Feduccia is interested in how tracking body temperature and sleep pattern changes, as well as digital monitoring of hormone fluctuations in the blood, could lead to adjusting the recommended dose. Since MDMA affects body temperature, for example, could it help modulate hot flashes at some level?

“It’s a really fascinating area of research,” she said.

“I think it’s important to expand who we’re studying,” said Julie Holland, a psychiatrist specializing in psychopharmacology who is a medical advisor to MAPS and emcee of the “Psychedelics in Medicine” track at the annual Horizons conference.

“If someone can tolerate moderate exercise, they can tolerate a psychedelic experience,” Holland said, adding that while MDMA can prompt a mild increase in heart rate and blood pressure, less so with mushrooms, it’s possible to take blood pressure medications in combination to minimize risks.

Psychedelics Could Help with Physical and Emotional Pain in Aging

Holland noted that since psychedelics have been proven to reduce inflammation, they could be helpful for older people’s aches and pains.

“I’m 55 and I’m already noticing things hurt,” she said.

She sees emotional pains in her psychiatric patients, as well.

“The older you get, the more you are doing to have grief and loss and trauma to handle,” Holland said. 

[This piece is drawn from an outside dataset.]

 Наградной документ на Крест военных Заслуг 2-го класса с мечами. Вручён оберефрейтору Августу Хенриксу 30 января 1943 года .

She added that the sense of connection to yourself and to others can help with loneliness and isolation, all too common in older people, as well as coming to terms with aging and mortality.

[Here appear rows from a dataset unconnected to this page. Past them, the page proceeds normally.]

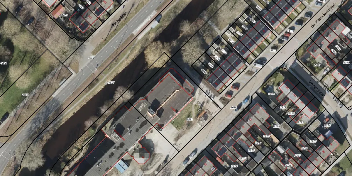 Het perceel waarop de Klenckestraat 32-A staat heeft een oppervlakte van 1395 m². Dit is een zeer groot perceel. De perceeloppervlakte wordt geregistreerd door het Kadaster. Gedetailleerde informatie over de maten van dit perceel kunt u vinden in het rapport Kadastrale kaart met maatvoering van de Klenckestraat 32-A.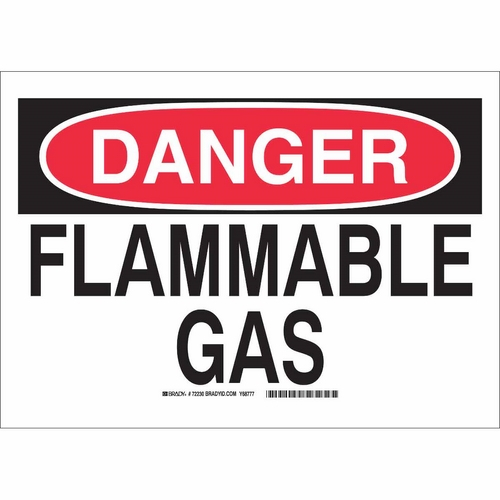 Brady, 122815, 7" x 10" Fiberglass Danger Flammable Gas Sign, Black/Red on White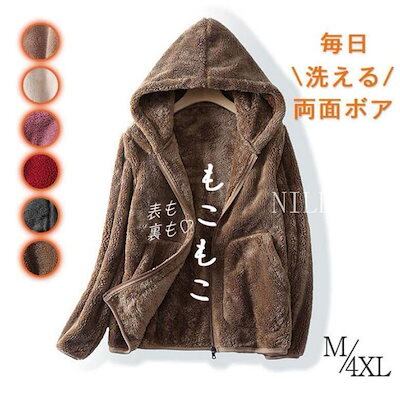 ボア パーカー レディース フリース ブルゾン アウター カーディガン ジップアップ 裏起毛 厚手 暖かい もこもこ ふわふわ フード付き 防寒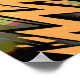 El diseño presenta una composición audaz al estilo cómico, dominada por formas grandes y con forma de relámpago en naranja dorado, que recorren diagonalmente el lienzo. Estas formas nítidas están delineadas en negro, creando un sentido de poder e intensidad. El fondo combina el negro profundo y el gris oscuro con rayas verticales de verde oliva y rojo oscuro, lo que añade profundidad y contraste. Las chispas dispersas de naranja dorado aumentan la impresión de velocidad, energía y movimiento explosivo. En general, la obra transmite una escena dramática y de alto impacto que recuerda al manga o a los efectos de la acción cómica.
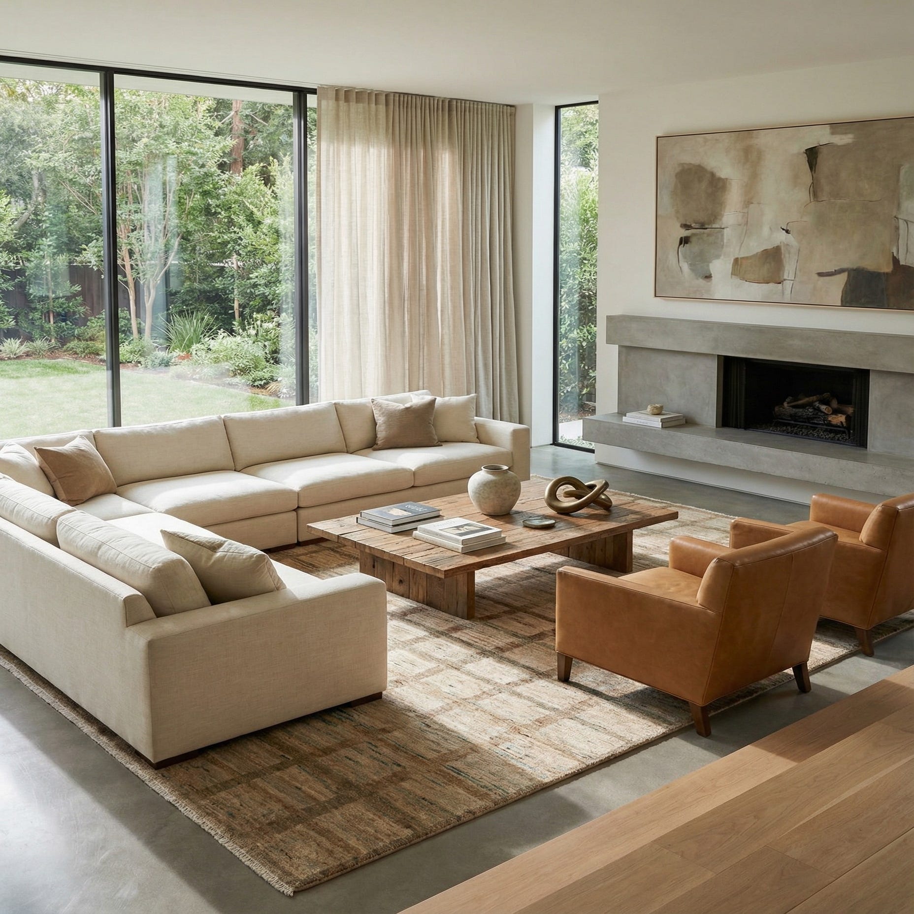 A 6x9 rectangular Modern Ziegler wool rug in shades of brown and tan with a subtle grid pattern.

“That’s good for your body and good for your soul,” Holland said.

Holland suggests psychedelics or MDMA could help people have difficult conversations with estranged family or generally prepare for death, like discussing how you want your affairs handled.

“I think if we did have that, there would be less depression and anxiety around death,” she said.

“There may be a whole new field here,” Holland said about aging issues. “It’s totally worth researching.”

Self-Reporting Invites in Older Psychedelics Users

Pamela Kryskow, a medical doctor and Canadian Psychedelic Association board member, was part of a team that recently published a paper on microdosing with the peer-reviewed Scientific Reports – which included the unexpected finding that many people over 50 are microdosing.

“That kind of surprised us,” said Kryskow, acknowledging she expected more young people to take part in the self-reporting they solicited. “Retrospectively, it made a lot of sense.

In my chronic pain practice, it’s people 60 on up coming in asking about microdosing,” Kryskow said. “It’s starting to happen because it’s covered so much in the popular media.”

Kryskow noted that their study covered people who self-reported their microdosing, and said that many of them never would have made it into a traditional study because their health risk factors are too high. But since they made their own independent choices, with no liability to a research institution, Kryskow and her team got insights into their results.

By contrast, she said a leading scientific institution like Johns Hopkins excludes participants based on safety and efficacy concerns. An institutional review board evaluates whether study participants are kept safe as they participate in medical research.

“The people who really need it can’t get in,” Kryskow said. “You’ve got to follow the science but the science doesn’t include everyone.”

Kryskow sees potential for psychedelics helping older people with cognition, like slower word finding, that experience of knowing there’s a word for what you want to say but you need to recall it.

“They just aren’t as sharp and then it comes back,” she said of older people in the microdose study.

Kryskow said there is so much to explore, including what medicine, what dose and what interval could help with conditions associated with aging like neurodegenerative disease as well as with depression, unresolved trauma and navigating retirement.

She added that when she treats patients for chronic pain, it isn’t purely physical, it also has emotional components. Psychedelics are especially well suited to help, she said, because they can treat the physical and emotional level at the same time.

“We’re not a symptom,” Kryskow said. “We’re a person who has a constellation of things and they all interact.”